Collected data
• • • •
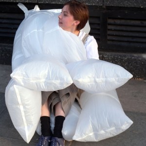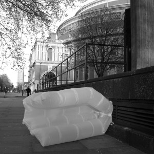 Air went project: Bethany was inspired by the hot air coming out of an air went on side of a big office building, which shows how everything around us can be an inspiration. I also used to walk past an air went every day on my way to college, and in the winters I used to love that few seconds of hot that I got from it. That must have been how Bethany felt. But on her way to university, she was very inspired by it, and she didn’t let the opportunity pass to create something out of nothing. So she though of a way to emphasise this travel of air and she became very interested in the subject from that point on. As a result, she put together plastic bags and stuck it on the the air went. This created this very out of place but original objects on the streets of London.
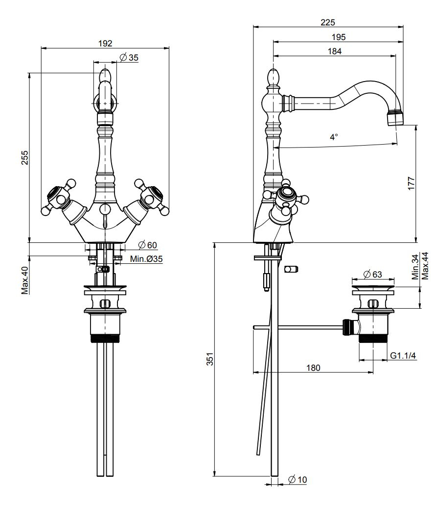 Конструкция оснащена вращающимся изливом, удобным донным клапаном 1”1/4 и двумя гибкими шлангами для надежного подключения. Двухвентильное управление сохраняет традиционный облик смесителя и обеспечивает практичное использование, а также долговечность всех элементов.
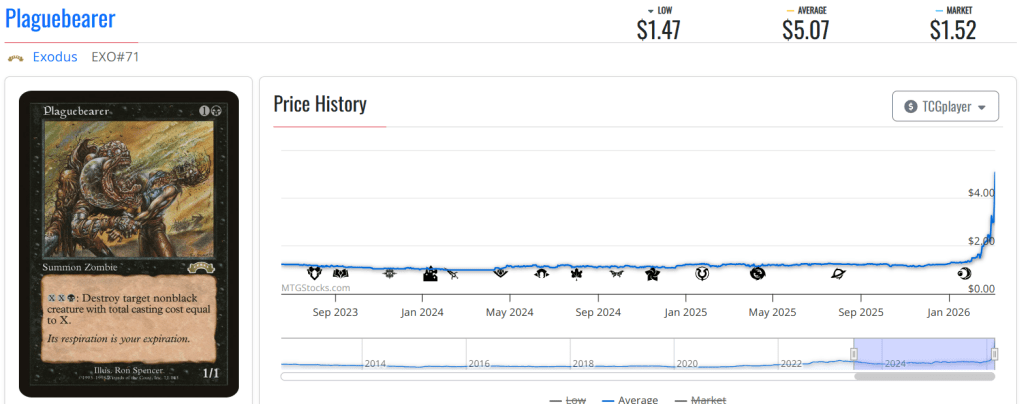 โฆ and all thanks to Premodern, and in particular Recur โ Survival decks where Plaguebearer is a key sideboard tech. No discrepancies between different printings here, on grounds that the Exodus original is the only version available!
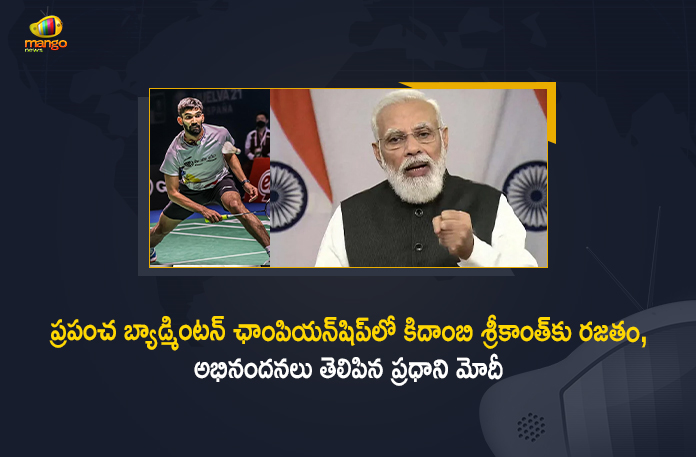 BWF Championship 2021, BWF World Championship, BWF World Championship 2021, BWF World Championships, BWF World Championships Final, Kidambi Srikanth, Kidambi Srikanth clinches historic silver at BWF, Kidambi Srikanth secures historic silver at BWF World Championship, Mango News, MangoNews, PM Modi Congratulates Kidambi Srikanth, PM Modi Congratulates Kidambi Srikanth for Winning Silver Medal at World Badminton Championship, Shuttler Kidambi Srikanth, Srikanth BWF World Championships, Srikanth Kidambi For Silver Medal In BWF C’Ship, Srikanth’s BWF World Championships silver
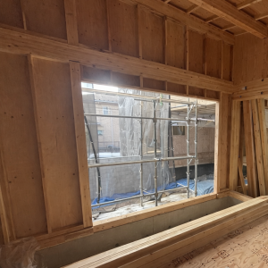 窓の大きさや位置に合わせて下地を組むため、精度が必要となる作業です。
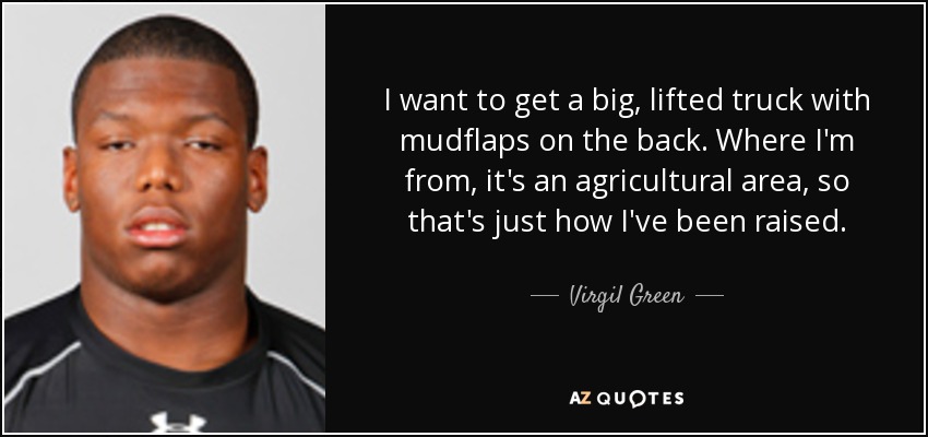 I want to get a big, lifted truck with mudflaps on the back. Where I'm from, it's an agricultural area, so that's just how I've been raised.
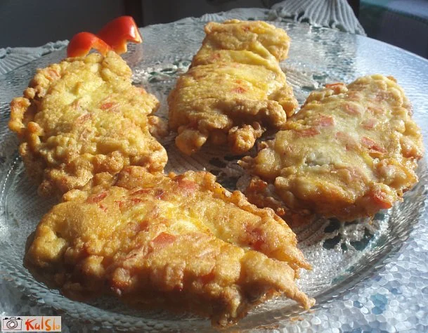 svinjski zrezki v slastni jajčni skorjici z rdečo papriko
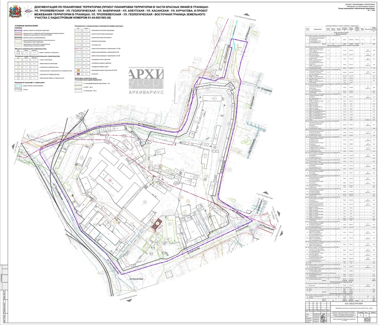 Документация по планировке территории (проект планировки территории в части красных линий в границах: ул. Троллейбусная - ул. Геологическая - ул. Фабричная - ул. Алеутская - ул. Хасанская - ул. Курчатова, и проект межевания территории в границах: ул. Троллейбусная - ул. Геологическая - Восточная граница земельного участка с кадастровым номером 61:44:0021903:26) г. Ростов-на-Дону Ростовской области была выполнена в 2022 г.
• • • •
[Exercise requirements] Print exactly the lines from the first line of the records above through the line containing "โฆ and all thanks", leaving out the pictures.

[Exercise response]
 Air went project: Bethany was inspired by the hot air coming out of an air went on side of a big office building, which shows how everything around us can be an inspiration. I also used to walk past an air went every day on my way to college, and in the winters I used to love that few seconds of hot that I got from it. That must have been how Bethany felt. But on her way to university, she was very inspired by it, and she didn’t let the opportunity pass to create something out of nothing. So she though of a way to emphasise this travel of air and she became very interested in the subject from that point on. As a result, she put together plastic bags and stuck it on the the air went. This created this very out of place but original objects on the streets of London.
 Конструкция оснащена вращающимся изливом, удобным донным клапаном 1”1/4 и двумя гибкими шлангами для надежного подключения. Двухвентильное управление сохраняет традиционный облик смесителя и обеспечивает практичное использование, а также долговечность всех элементов.
 โฆ and all thanks to Premodern, and in particular Recur โ Survival decks where Plaguebearer is a key sideboard tech. No discrepancies between different printings here, on grounds that the Exodus original is the only version available!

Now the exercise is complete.